■ YOUR GOAL: Transcribe word for word the section of the records below that opens with the line containing "près de Logan" and closes with the line containing "The President of"; drop every picture.
** Opening TASK INPUT block **
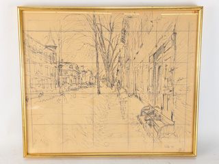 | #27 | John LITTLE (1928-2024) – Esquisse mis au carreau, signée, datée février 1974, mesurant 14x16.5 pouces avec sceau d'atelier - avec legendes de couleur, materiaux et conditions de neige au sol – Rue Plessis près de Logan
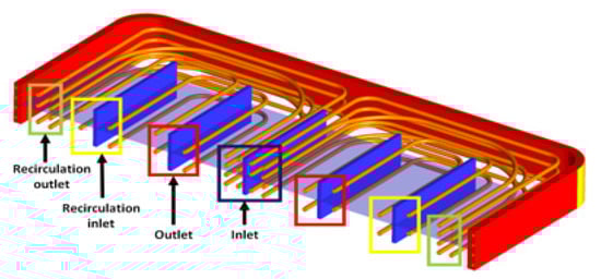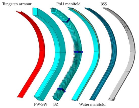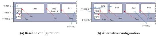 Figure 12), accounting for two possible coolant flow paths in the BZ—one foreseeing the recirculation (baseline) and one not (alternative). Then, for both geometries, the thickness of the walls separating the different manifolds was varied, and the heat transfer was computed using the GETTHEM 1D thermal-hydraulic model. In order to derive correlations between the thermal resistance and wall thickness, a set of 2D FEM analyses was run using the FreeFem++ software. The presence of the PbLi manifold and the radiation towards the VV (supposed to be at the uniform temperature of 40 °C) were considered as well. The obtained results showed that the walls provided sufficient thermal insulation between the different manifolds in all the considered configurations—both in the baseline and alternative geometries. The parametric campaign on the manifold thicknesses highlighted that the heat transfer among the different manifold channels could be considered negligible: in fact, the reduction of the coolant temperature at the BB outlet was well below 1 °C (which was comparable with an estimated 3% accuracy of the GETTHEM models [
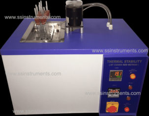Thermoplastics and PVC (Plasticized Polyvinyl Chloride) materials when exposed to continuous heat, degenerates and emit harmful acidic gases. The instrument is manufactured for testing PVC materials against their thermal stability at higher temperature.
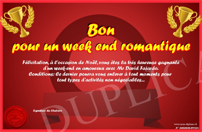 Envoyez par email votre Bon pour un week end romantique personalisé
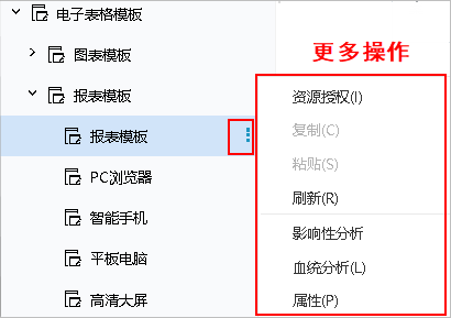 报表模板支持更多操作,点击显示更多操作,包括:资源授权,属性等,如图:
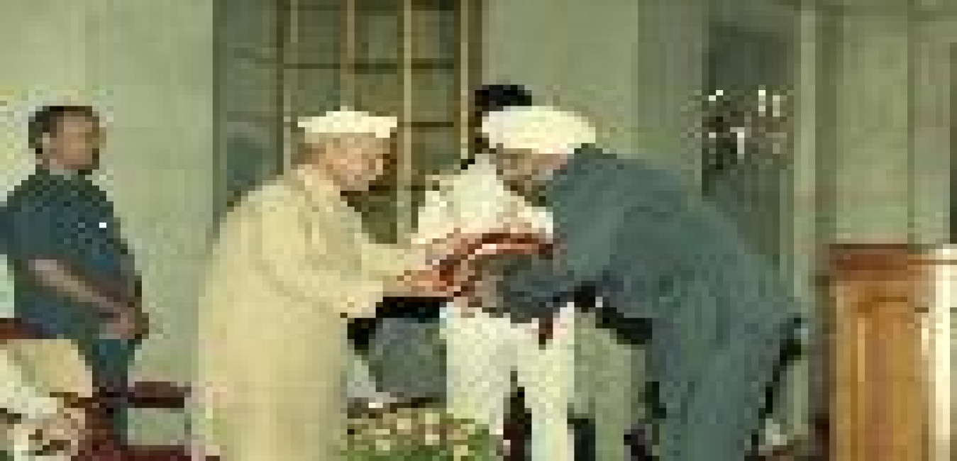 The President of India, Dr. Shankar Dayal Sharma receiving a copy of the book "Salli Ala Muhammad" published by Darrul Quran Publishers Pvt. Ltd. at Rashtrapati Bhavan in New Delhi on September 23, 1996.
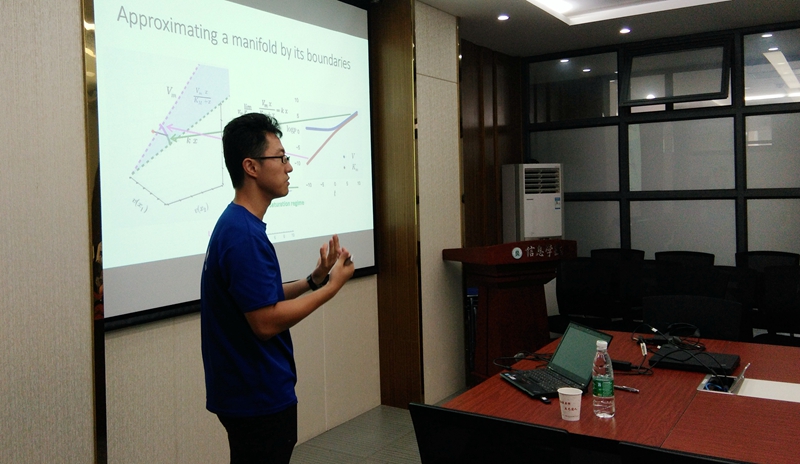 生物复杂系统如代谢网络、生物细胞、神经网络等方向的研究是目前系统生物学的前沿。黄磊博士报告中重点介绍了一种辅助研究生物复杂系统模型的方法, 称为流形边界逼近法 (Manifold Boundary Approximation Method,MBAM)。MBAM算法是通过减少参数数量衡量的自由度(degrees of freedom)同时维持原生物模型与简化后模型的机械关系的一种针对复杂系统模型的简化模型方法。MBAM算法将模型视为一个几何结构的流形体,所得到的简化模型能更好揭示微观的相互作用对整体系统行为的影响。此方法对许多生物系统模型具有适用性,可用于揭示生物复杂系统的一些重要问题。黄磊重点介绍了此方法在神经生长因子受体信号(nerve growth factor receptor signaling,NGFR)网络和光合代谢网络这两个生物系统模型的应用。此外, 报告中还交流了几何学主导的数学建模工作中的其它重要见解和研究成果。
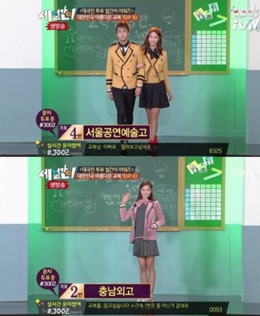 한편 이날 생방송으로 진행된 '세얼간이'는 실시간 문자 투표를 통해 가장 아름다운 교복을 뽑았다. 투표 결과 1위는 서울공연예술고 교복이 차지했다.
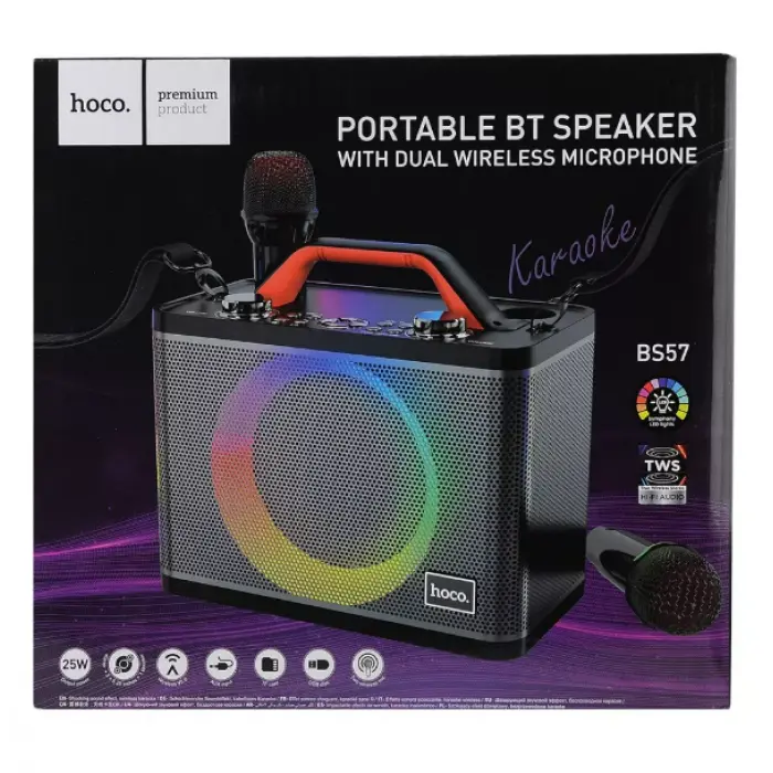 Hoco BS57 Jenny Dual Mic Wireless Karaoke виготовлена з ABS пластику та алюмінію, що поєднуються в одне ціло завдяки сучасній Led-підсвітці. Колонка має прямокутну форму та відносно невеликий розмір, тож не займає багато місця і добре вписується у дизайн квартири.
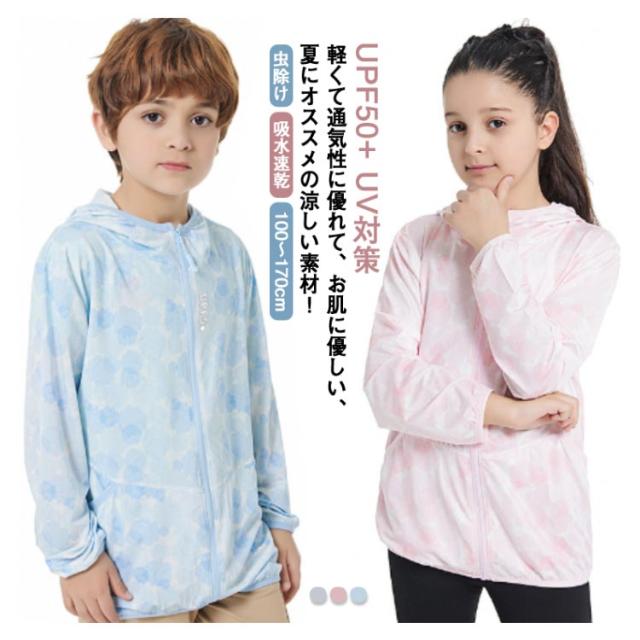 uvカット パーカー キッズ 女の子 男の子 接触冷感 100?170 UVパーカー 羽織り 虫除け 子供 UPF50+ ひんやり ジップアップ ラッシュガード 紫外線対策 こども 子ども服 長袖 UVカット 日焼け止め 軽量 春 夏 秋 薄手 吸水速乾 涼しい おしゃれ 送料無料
** Closing TASK INPUT block **
** Opening TASK INPUT block **
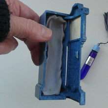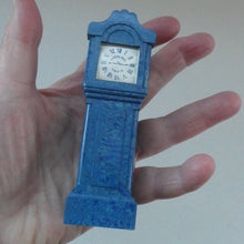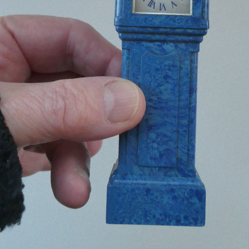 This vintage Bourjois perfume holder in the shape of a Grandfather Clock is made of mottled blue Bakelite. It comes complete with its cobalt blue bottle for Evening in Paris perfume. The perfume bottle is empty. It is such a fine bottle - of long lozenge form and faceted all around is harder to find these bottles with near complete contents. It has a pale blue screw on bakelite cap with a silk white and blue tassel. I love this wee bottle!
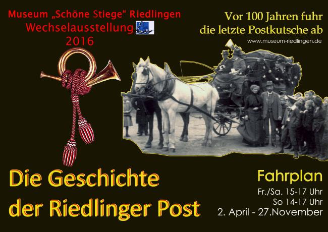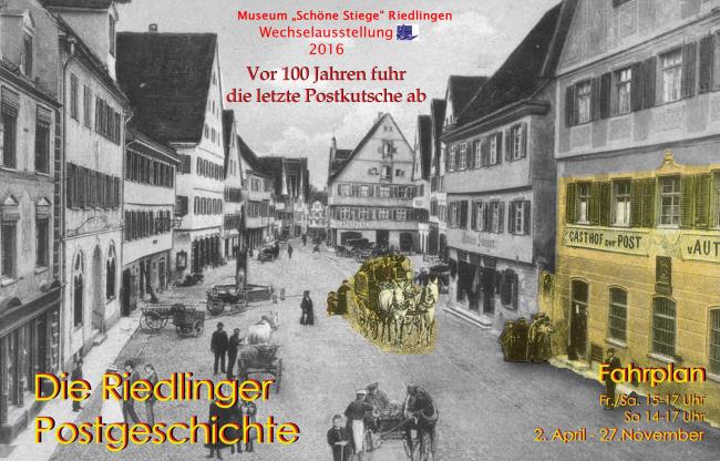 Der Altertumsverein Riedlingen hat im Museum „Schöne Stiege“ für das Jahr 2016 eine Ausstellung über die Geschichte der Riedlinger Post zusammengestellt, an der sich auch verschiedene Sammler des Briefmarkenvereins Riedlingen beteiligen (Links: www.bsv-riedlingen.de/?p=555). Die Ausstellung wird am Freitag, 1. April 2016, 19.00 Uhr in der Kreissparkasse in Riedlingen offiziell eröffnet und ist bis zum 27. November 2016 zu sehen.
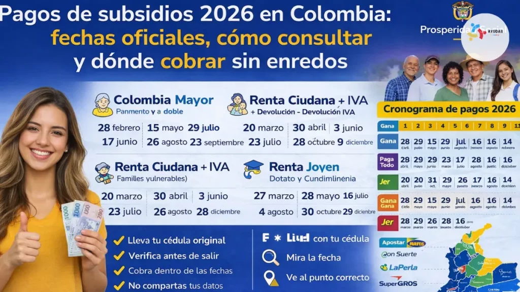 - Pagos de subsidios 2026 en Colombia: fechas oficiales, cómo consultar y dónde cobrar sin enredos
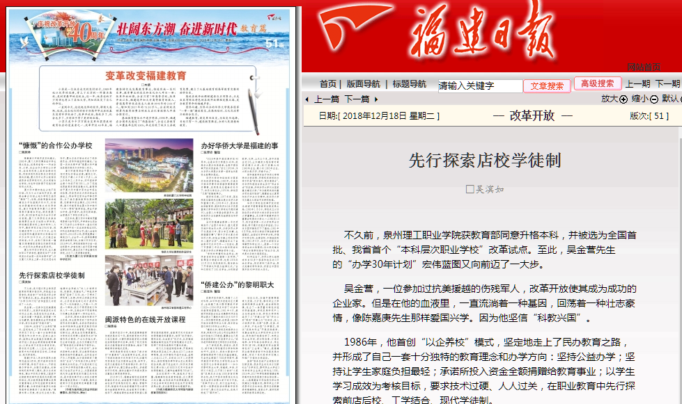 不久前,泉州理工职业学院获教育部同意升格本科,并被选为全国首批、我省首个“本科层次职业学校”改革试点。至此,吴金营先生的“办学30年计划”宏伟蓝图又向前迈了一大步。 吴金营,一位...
** Closing TASK INPUT block **
■ TASK ANSWER:
 | #27 | John LITTLE (1928-2024) – Esquisse mis au carreau, signée, datée février 1974, mesurant 14x16.5 pouces avec sceau d'atelier - avec legendes de couleur, materiaux et conditions de neige au sol – Rue Plessis près de Logan
 Figure 12), accounting for two possible coolant flow paths in the BZ—one foreseeing the recirculation (baseline) and one not (alternative). Then, for both geometries, the thickness of the walls separating the different manifolds was varied, and the heat transfer was computed using the GETTHEM 1D thermal-hydraulic model. In order to derive correlations between the thermal resistance and wall thickness, a set of 2D FEM analyses was run using the FreeFem++ software. The presence of the PbLi manifold and the radiation towards the VV (supposed to be at the uniform temperature of 40 °C) were considered as well. The obtained results showed that the walls provided sufficient thermal insulation between the different manifolds in all the considered configurations—both in the baseline and alternative geometries. The parametric campaign on the manifold thicknesses highlighted that the heat transfer among the different manifold channels could be considered negligible: in fact, the reduction of the coolant temperature at the BB outlet was well below 1 °C (which was comparable with an estimated 3% accuracy of the GETTHEM models [
Thermoplastics and PVC (Plasticized Polyvinyl Chloride) materials when exposed to continuous heat, degenerates and emit harmful acidic gases. The instrument is manufactured for testing PVC materials against their thermal stability at higher temperature.
 Envoyez par email votre Bon pour un week end romantique personalisé
 报表模板支持更多操作,点击显示更多操作,包括:资源授权,属性等,如图:
 The President of India, Dr. Shankar Dayal Sharma receiving a copy of the book "Salli Ala Muhammad" published by Darrul Quran Publishers Pvt. Ltd. at Rashtrapati Bhavan in New Delhi on September 23, 1996.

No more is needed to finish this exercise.